How are you lolli? My mum died the same day as yours. I'm struggling. The end of New Years, Xmas etc makes it all feel so depressing and hard. I'm also struggling with the constant memories images etc in my head. The memories are good bad and indifferent but I feel like I'm not really present day to day.
I'm sorry but glad to have found this thread. My mum died yesterday.
Poppy so sorry I too found this thread very shortly after my mandied in late November and I have found it helpful to list and receive really lovely support and some good advice.

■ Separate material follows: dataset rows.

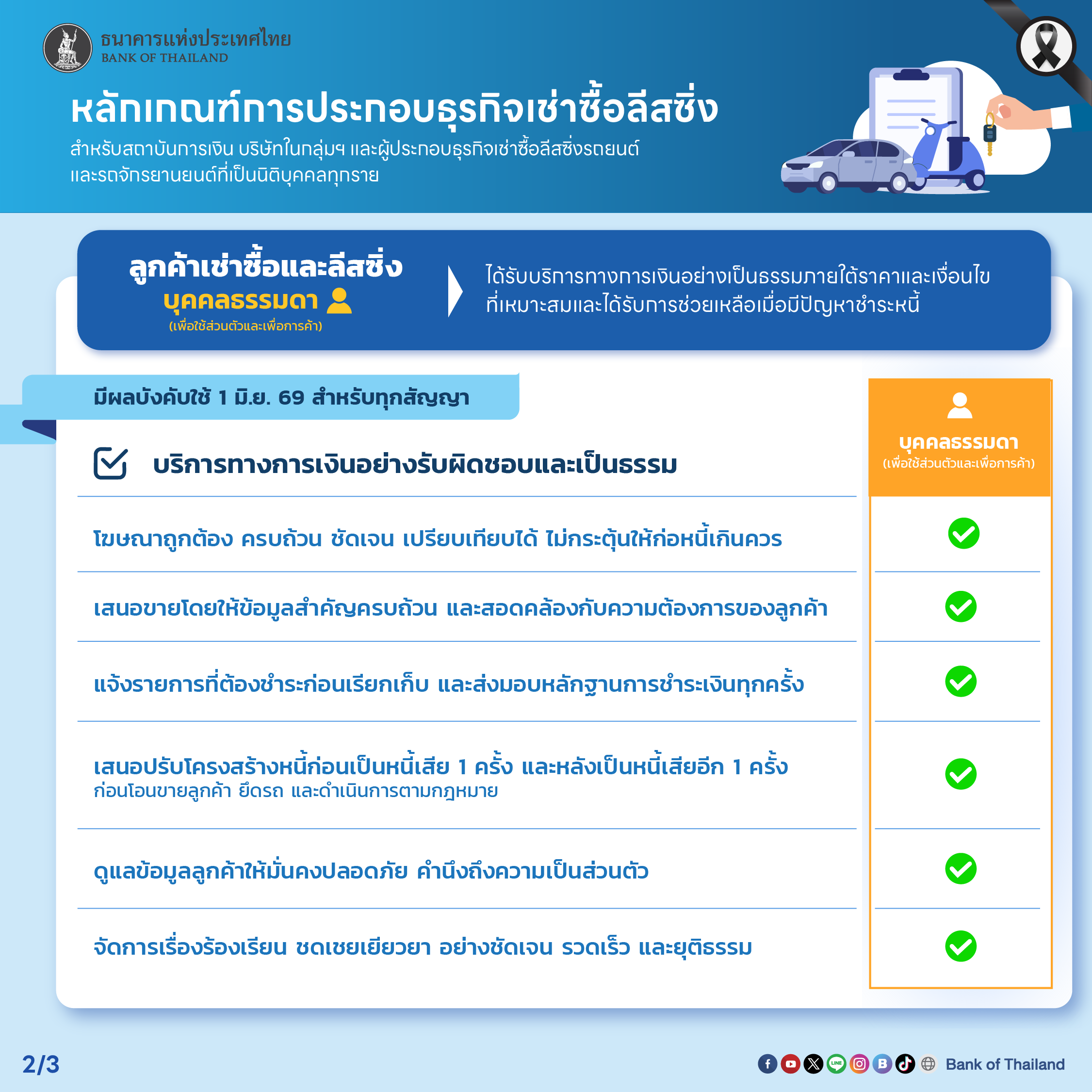 นางสาวดารณี แซ่จู ผู้ช่วยผู้ว่าการ สายกำกับระบบการชำระเงินและคุ้มครองผู้ใช้บริการทางการเงิน ธนาคารแห่งประเทศไทย (ธปท.) เปิดเผยว่า ธปท. ได้ออกประกาศ เรื่อง การกำหนดหลักเกณฑ์ วิธีการ และเงื่อนไขในการประกอบธุรกิจการให้เช่าซื้อและการให้เช่าแบบลีสซิ่งรถยนต์และรถจักรยานยนต์ ซึ่งลงราชกิจจานุเบกษาเมื่อวันที่ 3 ธันวาคม 2568 โดยประกาศฯ ดังกล่าวมีวัตถุประสงค์เพื่อจะยกระดับการให้บริการทางการเงินของผู้ประกอบธุรกิจฯ ภายใต้การกำกับของ ธปท. ให้มีความรับผิดชอบ เป็นธรรม และโปร่งใส เพื่อให้ลูกค้าได้รับบริการที่เป็นมาตรฐานและได้รับข้อมูลเกี่ยวกับผลิตภัณฑ์อย่างครบถ้วน ภายใต้ราคาและเงื่อนไขที่เหมาะสม รวมถึงได้รับการดูแลช่วยเหลือเมื่อมีปัญหาในการชำระหนี้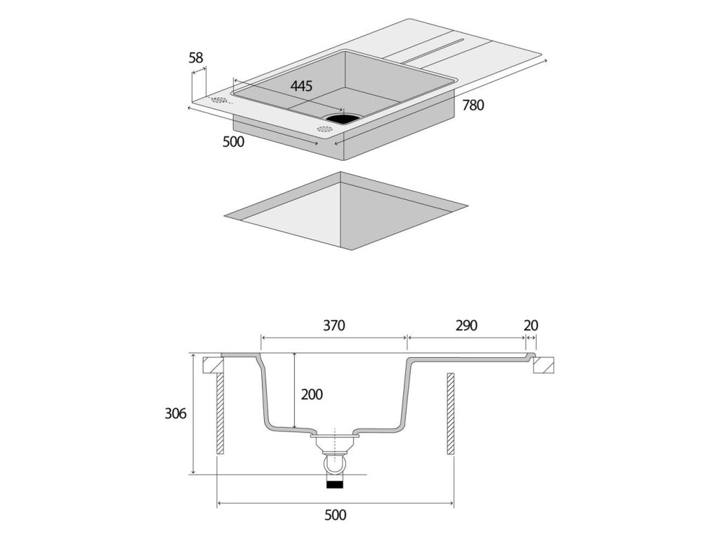 Granitový drez s odkvapom čiernej farby. Rozmery (d x š x h): 500 x 780 x 306 mm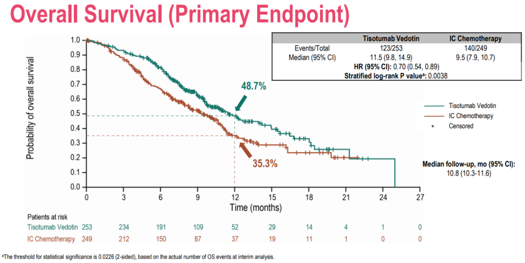 与化疗相比,TV组的死亡风险降低了30%(风险比[HR]=0.70;95% CI: 0.54~0.89;P=0.0038),中位OS显著延长;TV组和化疗组的中位OS分别为11.5个月(95% CI: 9.8~14.9)和9.5个月(95% CI: 7.9~10.7)。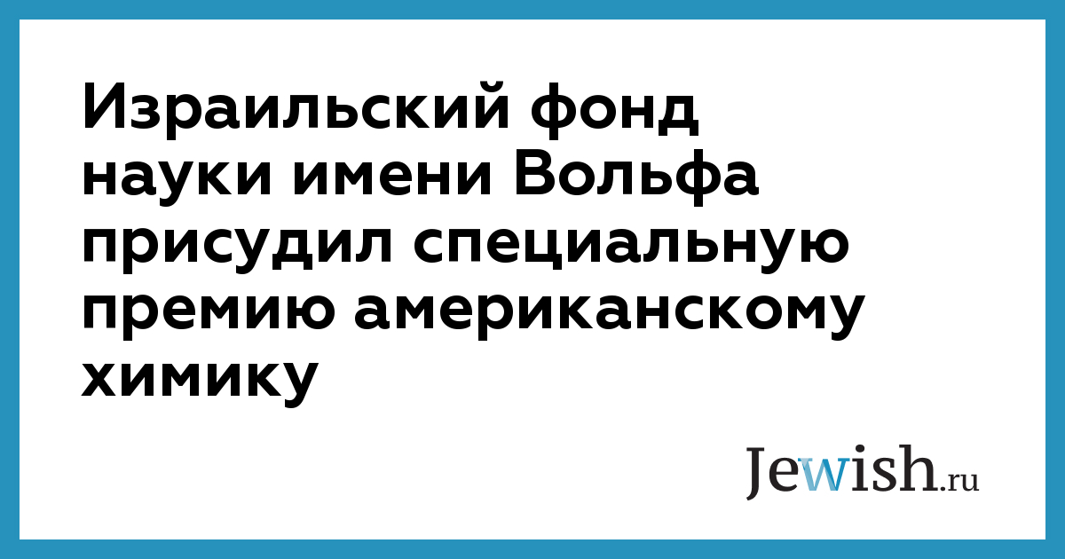 Израильский фонд науки имени Вольфа присудил специальную премию американскому химику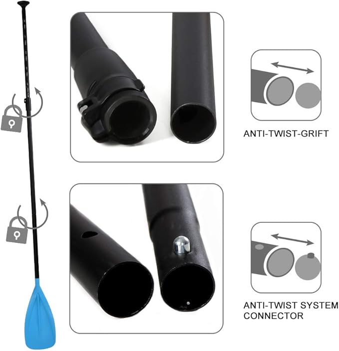 - ADJUSTABLE &LIGHTWEIGHT: It weighs only 1.88 lbs (0.87kg) and can be height adjusted from 65 to 87 inches (1,52 to 2,2 m), which makes it suitable to a very broad range of paddlers from 4' to 6'4" tall (1.22 to 1.92 m). An easy click & go system enables you to share your paddle with friends and family.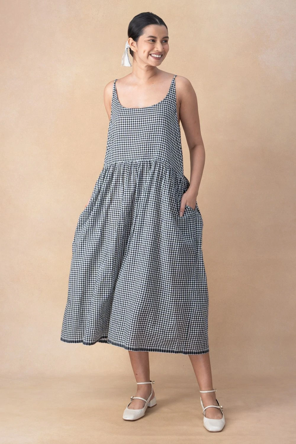 Elevate your style with this black & white checkered dress, a practical choice for the season. Versatile and chic, pair it with layers and elegant oxidized accessories for a sophisticated look.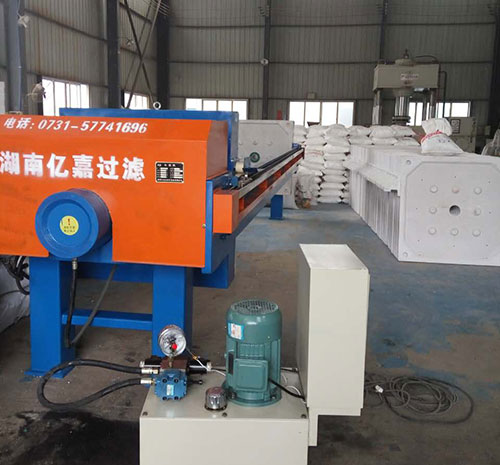 液壓壓緊機械壓緊時,由液壓站供高壓油,油缸與活塞構(gòu)成的元件腔充滿油液,當(dāng)壓力大于壓緊板運 行的摩擦阻力時,壓緊板緩慢地壓緊濾板,當(dāng)壓緊力達到溢流閥設(shè)定的壓力值(由壓力表指針顯示)時,濾板、濾框(板框式壓濾機)或濾板(廂式壓濾機)被壓緊,溢流閥開始卸荷,這時,切斷電機電源,壓緊動作完成,退回時,換向閥換向,壓力油進入油缸的有桿腔,當(dāng)油壓能克服壓緊板的摩擦阻力時,壓緊板開始退回。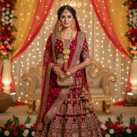 This is a wide-band choker, engineered to sit flawlessly on the collarbone, providing a rich, high-coverage look synonymous with bridal and festive wear.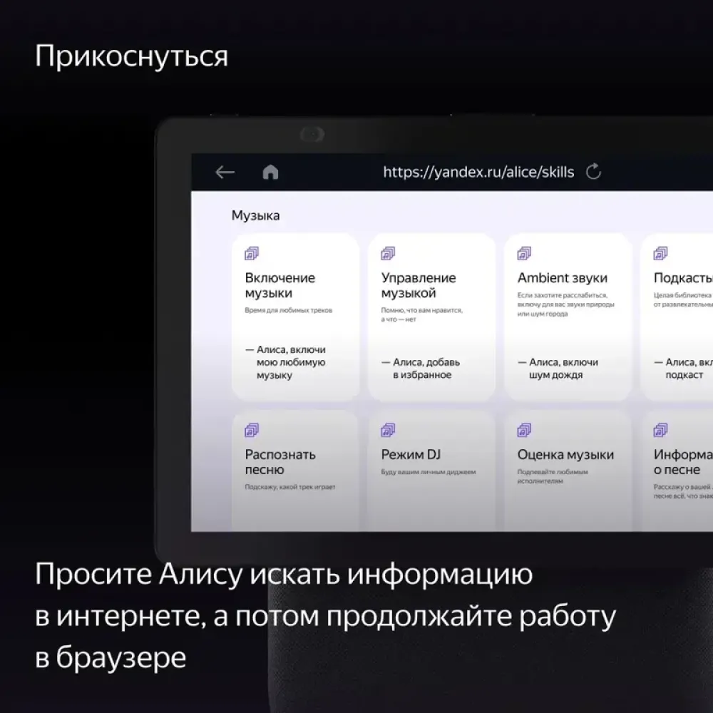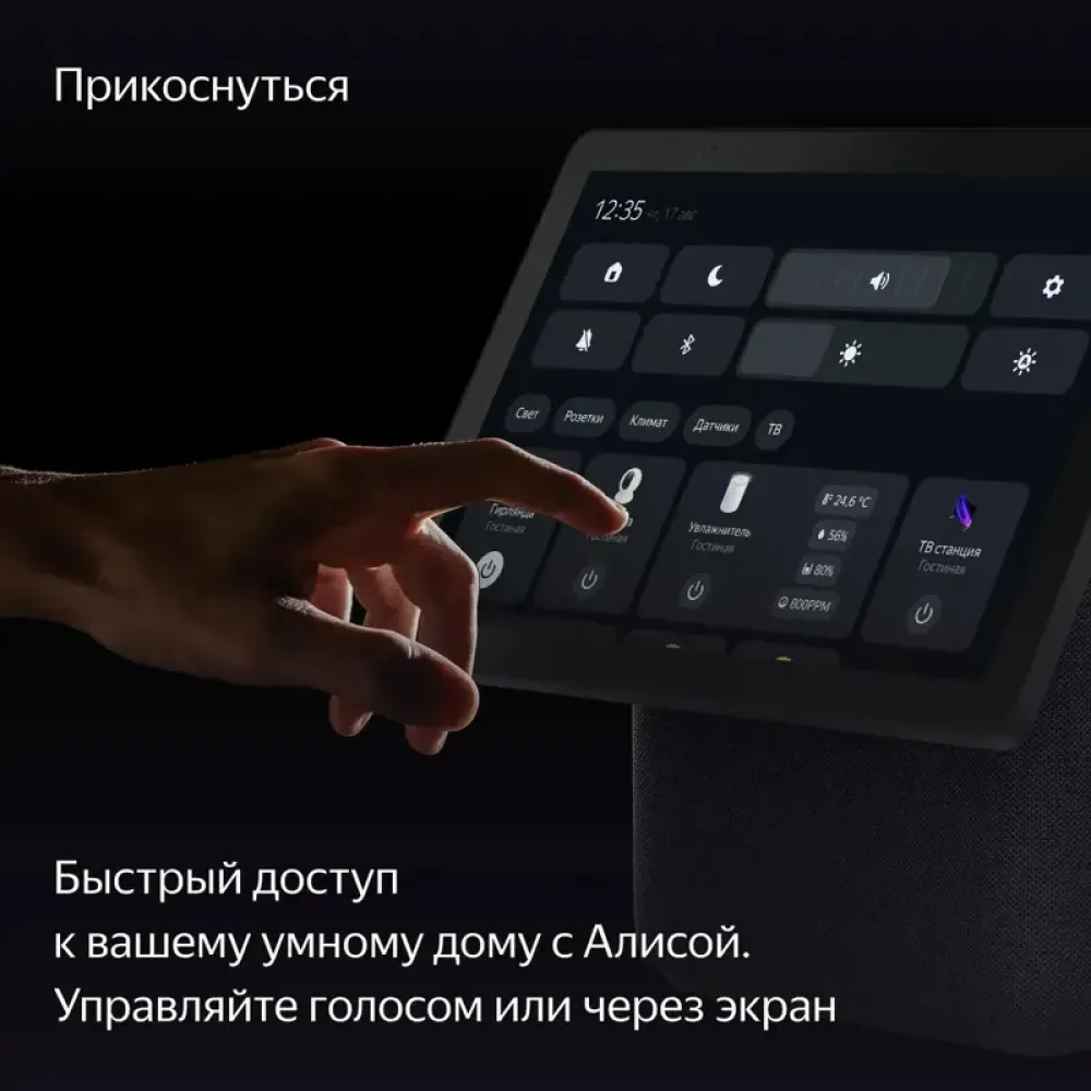 Яндекс Станция Дуо Макс с Алисой - новая флагманская умная колонка с экраном. Большой поворотный Full HD touch-экран с камерой, чтобы смотреть фильмы, общаться с близкими по видеосвязи, видеть ответы Алисы и управлять умным домом касаниями. Мощные динамики и сабвуфер - для чистого и сбалансированного звучания любимой музыки. Контурная анимированная LED-подсветка. Встроенный хаб управления Zigbee. Продуманный до деталей дизайн, чтобы вы получали удовольствие каждый раз, когда взаимодействуете с колонкой или просто на неё смотрите.Особенности Протокол связи ZigbeeЭто современный протокол связи, позволяющий объединить Zigbee-устройства в единую экосистему умного дома. Они могут работать даже без интернета и быстрее реагируют на команды. Zigbee-устройства взаимодействуют непосредственно друг с другом, а значит, быстрее выполняют команды и имеют более стабильное соединениеБольшой поворотный Full HD touch-экранПросите Алису искать и включать музыку, фильмы или сериалы, а потом управляйте контентом на экране касаниями: перематывайте, ставьте на паузу и выбирайте нужное. Смотрите телеканалы. Задавайте Алисе вопросы - и не только слушайте её ответы, но и смотрите их на экране. Или пользуйтесь браузеромВстроенная видеокамераКамера с широким углом обзора 120° - для видеозвонков. Просите Алису позвонить кому-то из списка контактов в Telegram и общайтесь по видеосвязи, при этом поворачивая экран вертикально или горизонтально - как удобнее. Во время видеозвонка камера будет удерживать вас в кадре, даже если вы перемещаетесь. При необходимости камера легко закрывается шторкойЧистое звучаниеСочетание широкополосных и низкочастотного динамиков мощностью 60 Вт и встроенного сабвуфера обеспечивает объёмное, глубокое и чистое звучаниеМножество навыков АлисыОбщайтесь с Алисой голосом, как привыкли. Только попросите - и она найдёт информацию в интернете, поможет заказать продукты или вызвать такси, прямо на экране покажет прогноз погоды или построит маршрут до работы. А ещё разбудит вас, когда попросите, поставит таймер или напоминание, а вы сможете управлять всем этим на экране: например, смотреть списки будильников и напоминаний и удалять неактуальныеНовые возможности умного домаВ Станцию Дуо Макс уже встроен хаб управления Zigbee, благодаря которому она напрямую взаимодействует с датчиками и другими устройствами умного дома, работающими по протоколу Zigbee. Сделайте колонку центром умного дома и общайтесь с ним голосом: например, спрашивайте у Алисы, какая сейчас температура в комнате, или смотрите данные на экране. А ещё на экране можно управлять приборами умного дома - для этого предусмотрен специальный интерфейсВнимание к нюансамСтильный дизайн, контурная анимированная LED-подсветка, добавляющая эмоций, когда общаетесь с АлисойФункция «Шёпот»С Алисой можно говорить шёпотом, например, чтобы не разбудить близких. Если обратиться к Алисе шёпотом, она тоже понизит голос - точно так же, как это делают людиЗаказ таксиМежду делом, в спешке, когда заняты руки - зовите Алису, если надо заказать такси. Это быстро и удобно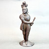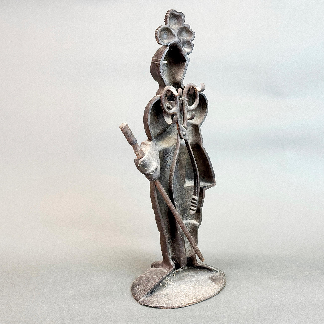 A pair of painted spelter figures of children together with a cast iron fireside set, H. 37cm.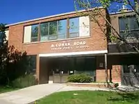 On January 1, 1954, The Collegiate and Township Boards merged into the new Scarborough Board of Education. Dr. King, the principal of Scarborough C.I. became the first Director of Education.[3] As the architecture of these new schools was simple, functional and unpretentious, the earlier models were sometimes subject to criticism as bearing too close a resemblance to long, low factory buildings. However, as school succeeded school, their style and appearance was progressively improved. In some of the more recent buildings marks of beauty and distinction have begun to emerge. Indeed, to the eyes of older Scarborough residents accustomed to the bare little brick schoolhouses of the rural period, the latest modern school buildings of gleaming glass, steel, and brick are most impressive temples of learning. To attractive well-lighted classrooms have been added new features: beautiful kindergarten classrooms with radiant heating in the floors, libraries, manual training and household science rooms, rooms for nurses and teachers, spacious dual purpose gymnasiums and auditoriums with stages, and modern equipment such as motion picture projectors, tape recorders and even television sets. Many children are also transported daily to school in school buses; which ends the era of the day of the long walk to school in wind and rain, snow, mud and dust conditions.[3]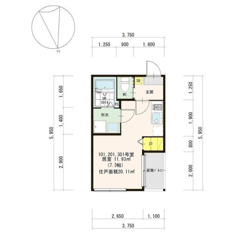 | ワンルーム | 洋室 7.3畳 | 20.11㎡ |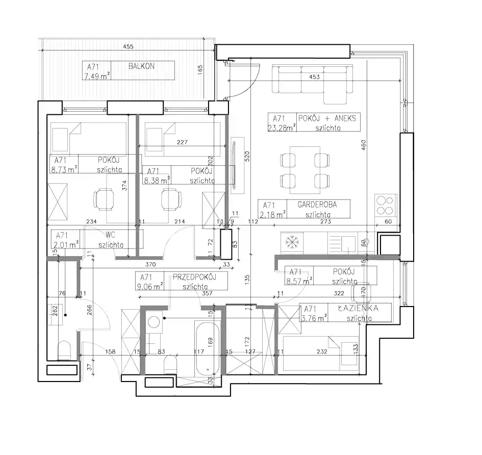 - Charakterystyka mieszkania 65.89 m2, 4 pokoje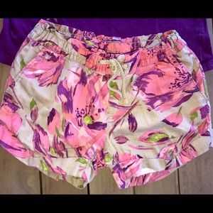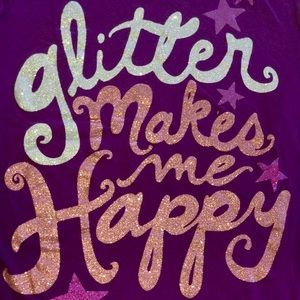 Gap Kids Girls outfit. Tee is short/cap sleeves, purple with the words "Glitter Makes Me Happy" printed on the front in glittery silver, purple, pink colors. Size L(10) but has a slim fit to it. It goes with the Gap Kids size 6 regular fit shorts, elastic waist w/ tie, pockets, in a khaki Cole with pink & purple flowers printed on it. My daughter wore them at the same time and it worked perfectly- I think she was 7 or 8 but is small for her age. Excellent condition!❤️ this outfit!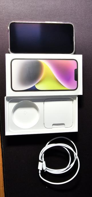 iPhone 14 – odlično ohranjen – komplet (škatla, polnilec, folija, etui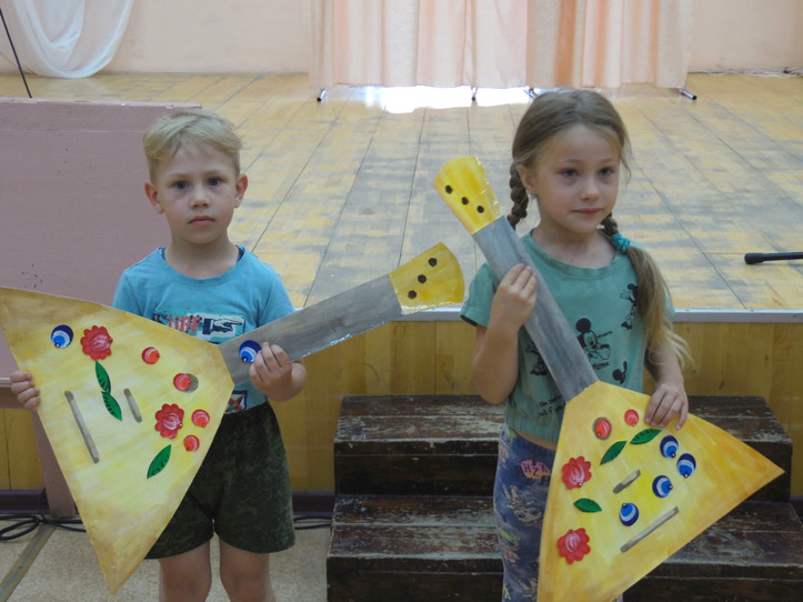 Загадки помогли ребятам узнать интересные факты о том, что неофициальными символами страны являются берёза, матрёшка, лапти, самовар и балалайка. Рассматривая разные матрёшки, искали отличия в нарядах куклы. Для балалайки нарисовали свой орнамент. Под песню «Эх, лапти мои» вели разговор о коре деревьев для изготовления русских лаптей. В заключении посмотрели мультфильм, созданный по стихотворению Даниила Хармса «Иван Иваныч Самовар».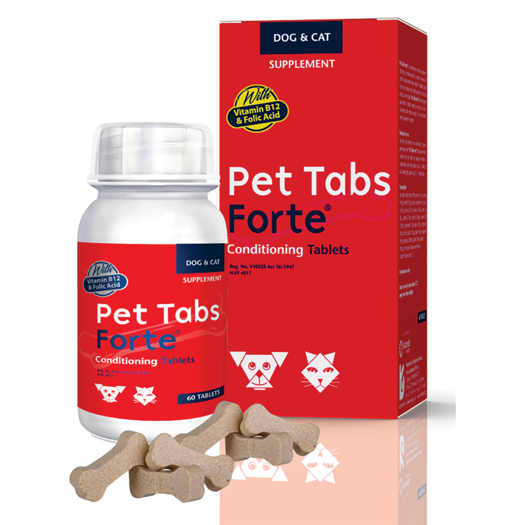 Pet Tabs Forte® Advanced is a comprehensive nutritional supplement containing a complete spectrum of vitamins, minerals and protein to keep animals in peak condition. Now fortified with Vitamin B12 and Folic Acid, the bone shaped tablets contain real liver and cheese and are readily accepted by most dogs and cats. Given regularly, Pet Tabs Forte® Advanced promotes general good health. In addition, tablets can be given as an aid in convalescence after illness or surgery or in any circumstance where a supplement is required.

Really sorry about your mum. It is really tough but you will get through it.
So sorry, Poppy
My dad's sister has managed to upset me massively this evening. Apparently her two sons' wives - neither of whom had ever met my dad because they live in other parts of the country and are both second wives married relatively recently in very small ceremonies - trump my DP's lovely, lovely parents in terms of sitting in the family car and in the front row with us for the service. DP's parents also live a long way away, but they've made the effort to visit my dad regularly and spent absolutely hours chatting with him over the past twenty years. MIL recently learnt his favourite hymn in Welsh just so she could sing it with him and did several beautiful paintings for his room. FIL told him all about his garden (my dad was a very keen gardener) and brought him home-grown fruit and vegetables all the time. And yet they are somehow less 'family' than two people who've literally never clapped eyes on him. My in-laws are such lovely people that I know they won't mind and will happily sit behind us for the sake of not having an atmosphere on the day, but I am so cross with myself for not standing up to her on the phone earlier. She's quite scary at the best of times (think Hyacinth Bouquet on steroids) and I just don't have the strength at the moment for a fight that I know my dad wouldn't want me to have, but 'family' to me (and to my dad) is more about actions and about time spent with a person than about who's married to whom. I have also apparently chosen the wrong type of minister. Silly me chose a minister from the church my father was affiliated with, who knew him and had visited him regularly at his nursing home, but who is apparently not 'high church' enough for his sister's liking. Gah. Dreading Friday even more now because I know she'll find a way to have a dig at me.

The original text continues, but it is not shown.